This works, except the output is pretty garbled and unusable. For instance:
- the Router's command prompt is always printed twice (on separate lines)
- password entry is not masked (ie it shows what you are typing)
- although normal entry isn't repeated (ie a typed command does not get doubled)
- streaming output often breaks (ie listing the configuration stops prematurely)
- ctrl-a, ctrl-e etc to move the cursor does not work

Any ideas on this one? I'd appreciate any! Maybe a better way of doing this? Thanks!


----------



## DutchDaemon (May 12, 2009)

I have a feeling that this is not feasible, because inetd is normally used to start daemons, not programs. The cu program may not have built-in logic that can handle anything other than a local console to deliver output to. So things like line breaks (or even lines) may be misinterpreted/garbled because they're not displayed on a local console, but transported/packaged over a tcp/telnet connection.

An alternative approach might be to turn the serial connection command into a shell script, create a special user for this type of activity (user 'console', for example), and set that shell script as its login shell.
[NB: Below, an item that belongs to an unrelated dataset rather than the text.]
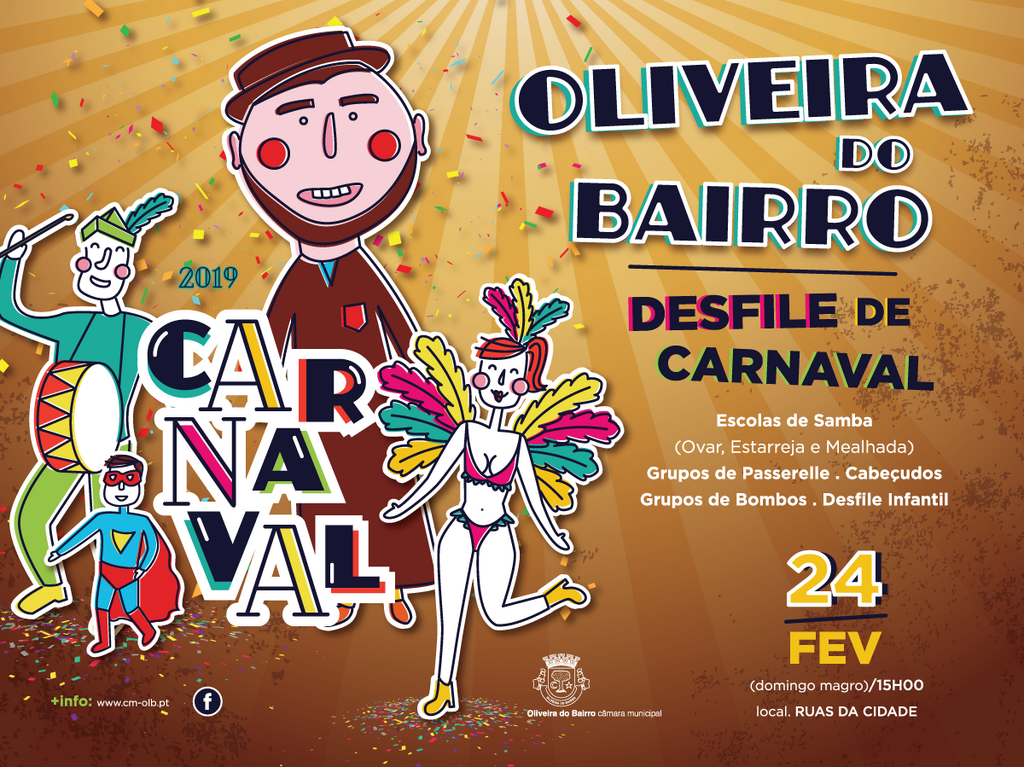 Antecipando os festejos carnavalescos que acontecem um pouco por todo o mundo, o Município de Oliveira do Bairro volta a celebrar o Carnaval no Domingo Magro, dia 24 de fevereiro, com um grande desfile que vai juntar escolas profissionais de samba, oriundas de Ovar, Estarreja e Mealhada, grupos de passerelle, grupos de bombos, cabeçudos e ainda um desfile infantil.
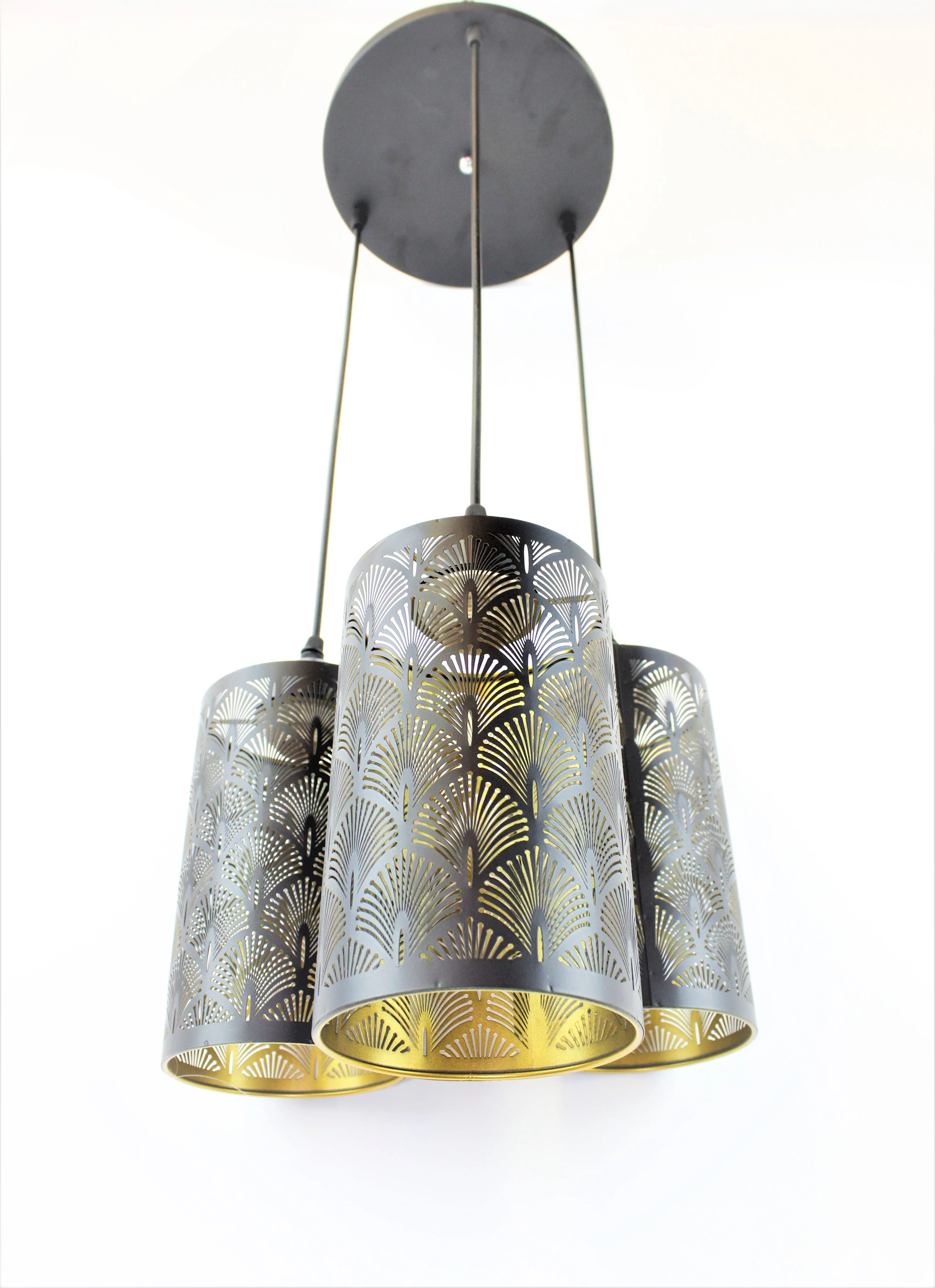 Faccini Pendant Light 5771/3 METAL COVER / ( OUT BK/ IN GD )

That special user ssh's into the box, and the shell starts (dropping the user in a serial console, ready to use -- closing it closes the shell, which closes ssh). Just a thought, probably needs ironing out.


----------



## megagram (May 12, 2009)

Thanks for the reply; I appreciate the input.

However, do you (or anybody else) know of another solution that I could implement here. I know this can be done using a Cisco router as the console server (connecting via telnet on various ports 2000 and above) to reach directly-connected serial devices.

Any help or advice is aprpeciated. Thanks!


----------



## DutchDaemon (May 12, 2009)

There are appliances for that purpose, yes (console servers, they go by different names). It's basically a box with serial connections on one end and an ethernet interface on the other, which provides an out-of-band connection to servers. Each serial interface has its own port number on the IP address on the ethernet interface. I used to admin a bunch of servers in the US from the Netherlands like that -- single-user mode and all. Next to it was a box for (cycling/managing) the power connections. They all cost quite a lot of money though, and I'm not sure about ways to emulate that kind of functionality using a FreeBSD box.


----------



## gordon@ (May 12, 2009)

There is an article on setting up a FreeBSD based console server. It's a bit dated, but it should help you on your way:
http://www.freebsd.org/doc/en/articles/console-server/index.html

Basically, it looks like you will probably want to use a program like:
http://www.conserver.com/
which claims to have "reverse telnet" functionality.


----------



## megagram (May 12, 2009)

Thanks for the reply, Gordon. I looked at this already but it appears that I would need to use the conserver client program to initiate connections. The trouble is, all of the clients would be Windows-based machines which cannot run the conserver client. I need basic Telnet connectivity.


----------



## tingo (May 16, 2009)

What about comms/comserv?


----------